Почему же? Мысль его заработала напряженно. Преступление, да, преступление, – это было ключевым словом в надвигающемся размышлении, и оно как-то связывалось с его жизнью, и с тем обыденным, что происходило сегодня. Он невольно поморщился. Ну, открыл новый киноцентр. Не храм искусства, и не мастерскую, и даже не советский «общепит» – а так, «фаст-фуд». «Быстрая еда», мгновенные эмоции. Ничего вечного. Впрочем, может в этом и есть высшая мудрость жизни?! Браташов усмехнулся той спасительной лазейке, которую предлагал ему разум. Нет, он, конечно, «не орел», но и не такой уж трус, чтобы оправдывать себя за явную подлость. Но об этом потом, потом… Когда полетел Гагарин, ему было восемнадцать, страна отправляла ракеты в космос, строила города. Теперь «малые предприятия» выпускают пластмассовые безделушки, мэры открывают ларьки, деятели искусств – он вспомнил себя сегодня – торговые центры. Что-то главное замутилось, исчезло. Искусство украдено.
Но при чем тут он, Браташов? «А кто же?» – услужливо и ехидно ответил «закадровый» голос. Не ребята же с Хамловки? Кто-то честно спился, кто-то помер, кто-то тихо жил в своей маленькой жизни. Они – «простые люди». А Браташов, такой же обычный и смертный, должен был грести «против течения», бороться и жертвовать, не жалеть себя ради других. Ради этих «простых», которые прожигали жизнь в доступных удовольствиях. А у него – «долг», «самоограничение», «идея». И в утешение – дар, талант, энергия. Много в нем было сил, данных ему неизвестно кем и неизвестно для чего.

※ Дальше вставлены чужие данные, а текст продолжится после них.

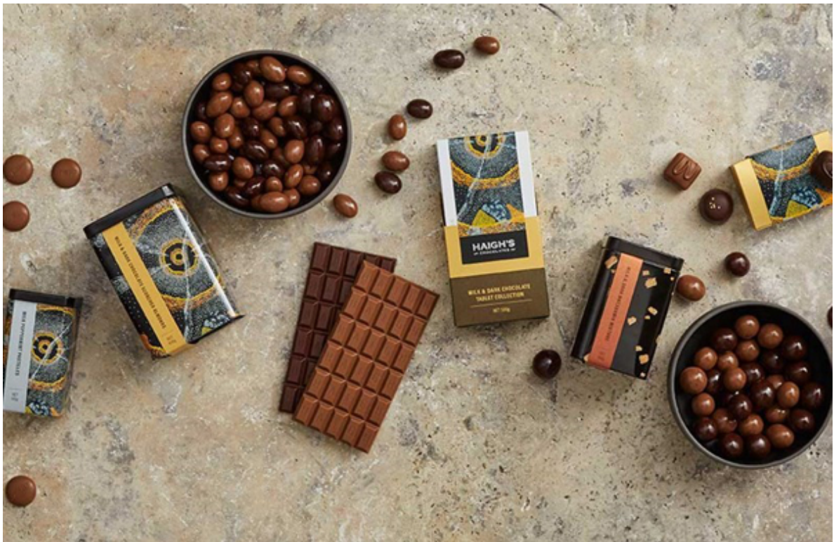
Haigh's Chocolates' Shooting Star Gift Range

A key difference to the core scholarship program is the opportunity for recipients to benefit from in-kind assistance offered by Haigh's Chocolates. This could be mentoring or work placement opportunities, as determined by Haigh's and recipients on a case-by-case basis.
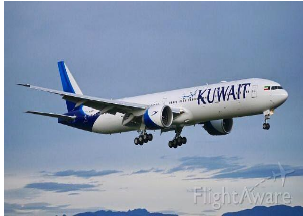
Fig.5 Kuwait airways in 2017
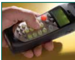
grant guest access by pressing 9 on the telephone
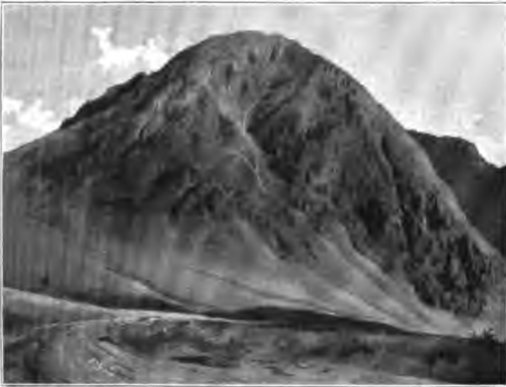
IBEX ROCKS OVERLOOKING THE ARAXES VALLEY.

The third and last stalk here was unsuccessful and short, as a return to Nahitchevan was included in
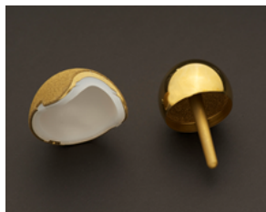
Fig. 1. This photograph of the resurfacing prosthesis shows a two-piece, titanium-backed, highly cross-linked acetabular component and a titanium nitride-coated cementless femoral component.

The resurfacing femoral stem was either Biomet Recap® or Endotec BP™ and was placed from neutral to 15° of valgus relative to the native femoral neck. The femoral component for THRs was the Biomet Taperloc®.
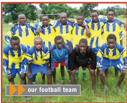
our football team
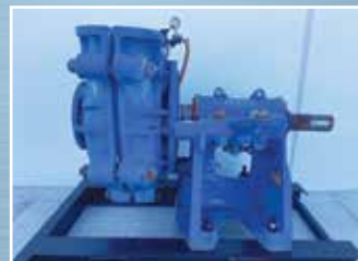
PU3715 8/6 FAH Warman Slurry Pump: Metal Lined - Metal Impeller - Gland Seal.
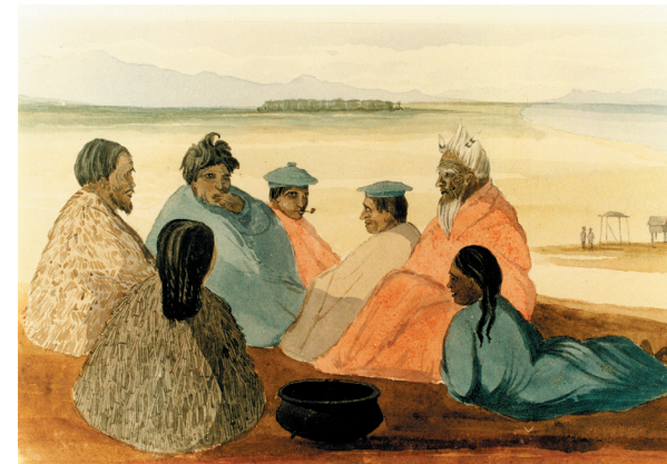
Port Cooper Natives, 1849 by William Fox

The peace negotiated by Ngati Mamoe and Ngāi Tahu lasted barely 50 years. A major feud developed on Banks Peninsula that eventually sapped the fighting strength and social cohesion of Ngāi Tahu. Known as the Kai Huanga feud, escalating insult and retaliation from 1824 to 1830 led to massacres of closely related people. For the first time the warriors used muskets, which had been obtained from early European sealers and flax traders.
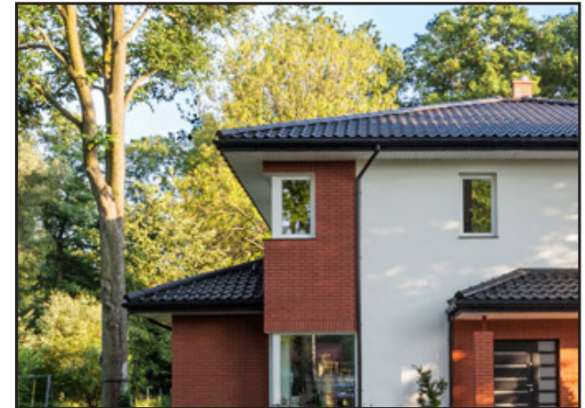
Tree trimming can prevent dangerous situations
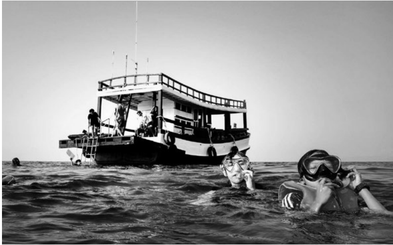
Cambodia: Our partner organization, the Marine Conservation Centre, fights illegal fishing and promotes the protection of endangered coral reefs and marine life.

voice their concerns about the risks of the technology. They asked the IACHR to ensure that human rights are respected and environmental damage avoided in countries where fracking takes place. The activists also stressed the importance of providing the public with adequate information. The Commission was impressed and promised to carefully review the testimony with a view to potential rulings. In Colombia, the country's new president, Iván Duque, announced that restraint would be exercised in fracking. In addition, Mexico's recently elected president, Andrés Manuel López Obrador, has even promised to refrain altogether. However, since both countries base their growth model on fossil fuels, a watchful eye will be needed here. The Argentinian economy is heavily dependent on foreign exchange income from the sale of shale gas, so an expansion here is very likely. Nearly half of Latin America's 2,700 active fracking wells are located in Argentina.
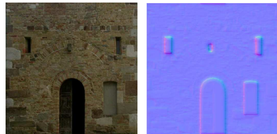
Figure 5: Color and normal textures automatically generated for the front of the church.

with excessive distortions. Conflicts is depth arising from different couples are resolved taking the median of the estimates. Once disparity has been obtained recovering bump, normal and displacement maps is straightforward; these data enables the simulation of fine geometry and the use of modern rendering algorithm such as [KTea01] and its more recent derivations. Since this scene description is a common standard in consumer rendering pipeline, our work can therefore potentially close the gap currently open between acquisition and visualization of urban environments.

Он шел к своей нынешней «верховной власти» – тут Браташов поморщился от воспоминаний – нет, не по трупам, конечно, а от компромисса к компромиссу, меняя талант на видимые личные блага. Ну, так вышло, так сложилось. Плетью обуха не перешибешь, стенкой лба не пробьешь, Москва слезам не верит – народная мудрость. Расчетливо менял, и не все «оптом», а по капельке. И все равно главный смысл утратился, ушел. Незаметно, но прочно и навсегда. По иронии судьбы, это случилось одновременно с распадом страны. С тех пор Браташов жил по инерции, «деловыми интересами», удачно присосавшись (ну, перед самим собой чего хитрить!) к нынешнему строю. Изображая из себя величину перед Зингер-Дингер…
Но он-то знал, что если бы его дар состоялся до конца, то действительность вокруг была бы совершенно иной!.. Браташов никогда не придавал «своей жизни в искусстве» вселенского значения. Нет, о другом шла речь! Тонкая настройка души сбилась. Он по-иному видел, чувствовал, говорил. Мир исказился в его восприятии – «на входе», а «на выходе» он только множил «кривые зеркала», обманывая себя и других. И это – «фабрика грёз»?! Жизнь так коротка, и люди думают, что когда они набивают ее всякой чепухой – погоня за бытовыми удобствами, комфортом, изысканными блюдами, ощущением богатства, машинами, дорогами домами – этим самым они и ловят жизнь за хвост. Но это заблуждение. Жизнь дана для чего-то более существенного. И это главное у Браташова было. Когда-то…
А впрочем, наша убежденность в чем-то – просто весьма высокая степень заблуждения. (Почему-то в самые тяжелые, безотрадные минуты жизни именно эта мысль настойчиво преследовала Браташова.) В состоянии убежденности у человека есть точка опоры, посох, с помощью которого он идет по болоту жизни. И вдруг – посох выпадает из рук… Так кто же прав: те, кто убеждены, или те, кто во всем сомневается?! Или те, кто вообще не дает себе труда думать?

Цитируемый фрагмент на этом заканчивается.